Not all dependence is sweet, and never all independence is dangerous. Maybe for Sargeant, this goes with out saying, however as a result of it goes unsaid, it’s troublesome to see if Sargeant’s embrace of dependence has any limits. Typically it appears as if she regards dependence as an unqualified good, nearly denigrating independence. However, in fact, dependents should rely upon somebody who’s, comparatively talking, unbiased. Sargeant maintains all through that nobody is actually unbiased. All of us have intervals of relative power and weak spot. There’s an economic system of want, and to maintain it, we merely should take turns. We’re all kind of dependent, and as life goes on, we’re more likely to grow to be extra dependent.
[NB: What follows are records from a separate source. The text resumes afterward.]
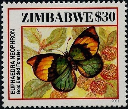 Visibility: public Image owner: none postage 12/6/2001 $30 multi dt=butterflies (2001 Zimbabwe) d=Euphaedra neophron (2001 Zimbabwe) unwmk perf=14.25 Crops No visible images cropped from this one. Measurements Resolution is unknown. Source Source name: Colnect File URL: http://i.colnect.net/b/2480/991/Gold-banded-Forester-Euphaedra-neophron.jpg Uploaded June 19, 2015, 2:21 pm by Stan Shebs |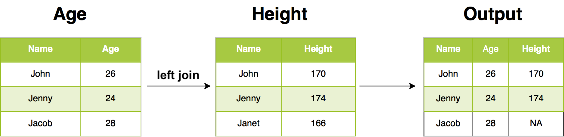 In our example, left join return all rows from Age, and all columns from Age and Height. Rows in Age with no match in Height will have NA in the new columns. If there are multiple matches between Age and Height, all combinations of the matches are returned.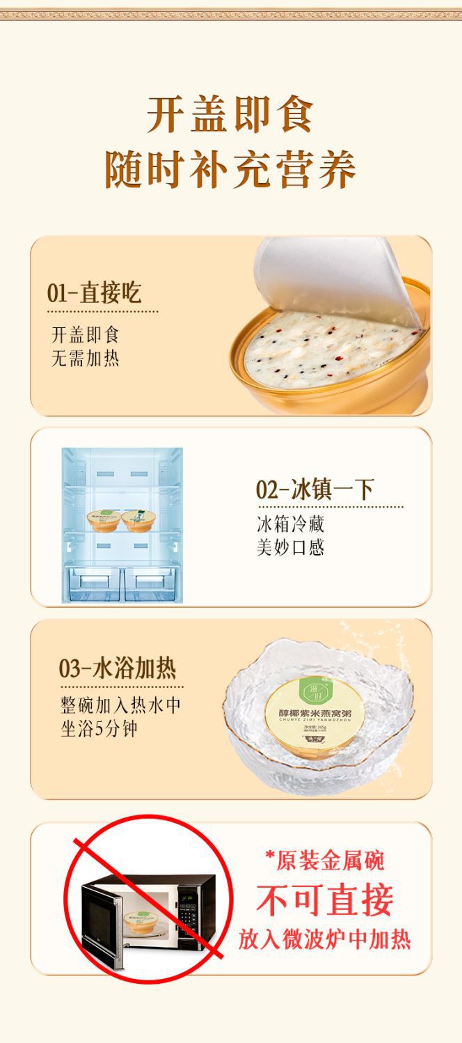 高級ツバメの巣粥、すぐに食べられる黒米ミルク朝食粥、小さな金ボウル、調理不要のインスタント粥、すぐに食べられる粥卸売

Sargeant appears to suppose the state of affairs could be quite a bit simpler if we had a society that shifted its focus to accommodating dependence. At this level, her argument can sound a bit Rawlsian: you by no means know in the event you would possibly all of a sudden grow to be severely dependent, so you need to go for the society that greatest accommodates that risk.
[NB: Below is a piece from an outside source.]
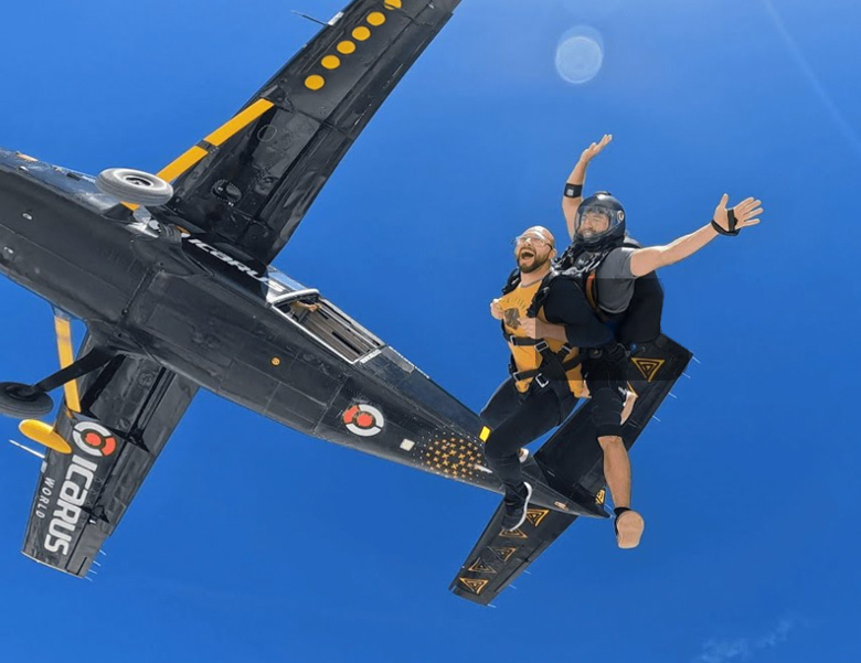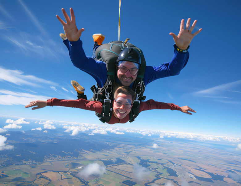 El salto tándem consiste en lanzarte desde un avión, sujeto a un instructor certificado mediante arnés. Solo necesitas una breve capacitación previa; luego subirás a 10.000 pies y experimentarás una caída libre a más de 200 km/h.

However Sargeant doesn’t wish to stay with Rawls on the “political, not metaphysical” airplane. This turns into most clear the place she speaks about males, whose neediness usually won’t present itself till a lot later in life. Although “the lie of autonomy is a bit roomier” for them, it’s nonetheless, in her ebook, a “lie.” Males “lose quite a bit when they’re instructed they don’t seem to be wanted.” Even males must be wanted, Sargeant says. Dependence, then, isn’t just a bodily phenomenon; it has a religious dimension.
If dependence and dignity are as intertwined as The Dignity of Dependence insists that they’re, then it have to be on the religious stage. Sargeant successfully demonstrates that dependence is an inescapable reality of human life. Nevertheless it doesn’t appear to be sufficient for her to say that severely dependent folks have dignity too, or to affirm that individuals have dignity regardless of their dependence. She appears to wish to toughen claims in regards to the “dignity of dependence,” implying that it possesses a dignity all its personal. Why would that be the case?
The very best reply is theological, and Sargeant hints at this however shies away from it: at backside, as creatures, all of us depend on an omnipotent, all-sufficient Being to satisfy our many wants. Dependence is an indication of our noble origin in God, the unbiased Being that saves us from what would in any other case be an issue of infinite regress. It isn’t dependence all the way in which down. God wants nothing from us, however he nonetheless loves us. Christ is the mannequin Sargeant is in search of, who affords infinite self-sacrifice and care with out counting the fee. Sargeant absolutely is aware of this, and she or he is aware of that his face is mirrored not solely within the power of those that supply themselves, but in addition within the expressions of the least of those.
Even when it’s not a superb in itself, dependence is definitely a part of the human situation, and there may be a lot to realize from deeper reflection on that theme. By main readers into these waters, The Dignity of Dependence has made an actual contribution, not solely to feminism however to broader conversations in regards to the foundations of a thriving tradition.